3.2. Apples and Pears

Malic acid is the main organic acid in apple and pear fruits, and its accumulation and metabolism play a central role in determining fruit acidity and flavor quality. Malic acid is strictly regulated by metabolic enzymes, membrane transporters, proton pumps and various transcription factors in the process of synthesis, transportation, storage and degradation. In apple (Malus domestica ‘Qinguan’), the tonoplast P3A-ATPase proton pump MdMa11 and the malate transporter MdMa1 are core determinants of fruit acidity, and their expression is subject to multilayered transcriptional controls. For instance, MdMYB123 positively regulates MdMa1 and MdMa11 expression [47], whereas MdMYB21 represses that of MdMa1, leading to reduced acidity [48]. Multi-omics approaches have significantly advanced our understanding of malic acid regulation in apples. Transcriptome analysis across nine apple accessions identified key regulatory networks, with MdMa12 and MDH12 showing coordinated expression patterns [49]. Integrated genomic and transcriptomic studies have revealed that allelic variations in malate dehydrogenase genes contribute to natural variation in fruit acidity [50]. In ‘Honeycrisp’, MdESE3 activates MdMa11, MdtDT, and MdMDH12 expression, thereby promoting malic acid accumulation [51]. In ‘Gala’ and ‘Fuji’, MdWRKY126 modulates cytosolic malic acid synthesis by activating MdMDH5 expression [52], while MdNAC18.1 directly binds to the MdMa11 promoter and simultaneously regulates the transcription of several genes involved in acid metabolism, including MdWRKY126, MdMDH5, and MdtDT [53]. The cytosolic malate dehydrogenase MdcyMDH enhanced malic acid accumulation and simultaneously promoted sucrose synthesis [54]. Furthermore, in nine apple accessions, the mitochondrial proton pump MdMa12 has been shown to cooperate with MDH12 to regulate fruit acidity [49]. MdMa7 and MdNADP-ME influence the balance between malic acid and sugar through promoter mutation or metabolic pathway modulation [50].

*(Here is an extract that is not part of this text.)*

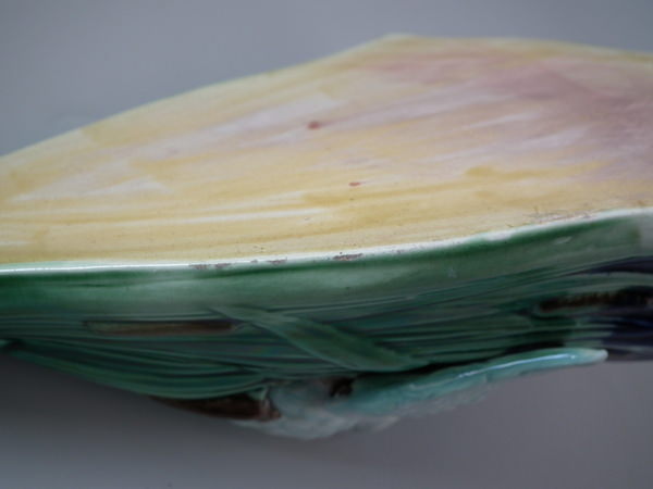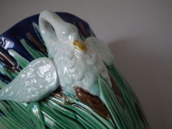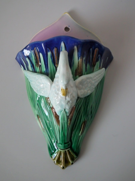 Victorian, circa 1880. 10ins high, 6.3ins wide, 3.9ins depth. Majolica wall pocket which features a swan amongst cattails/bulrushes.

Beyond transcriptional regulation, epigenetic modifications also contribute to acidity variation. In ‘Honeycrisp’, methylation patterns are associated with organic acid levels: lower promoter methylation of key organic acid metabolism genes (e.g., MDH and ME) correlates with their transcriptional upregulation and enhanced malate accumulation, and reduced methylation of the vacuolar transport gene MdMa11 has also been reported [55]. In kiwifruit, dynamic m6A mRNA modification modulates ripening-related gene expression, and the m6A demethylase AcALKBH10 participates in post-transcriptional control of organic-acid-related pathways during ripening; together, DNA methylation and m6A form a multi-layered epigenetic regulatory network linked to ethylene signaling and fruit quality traits [56].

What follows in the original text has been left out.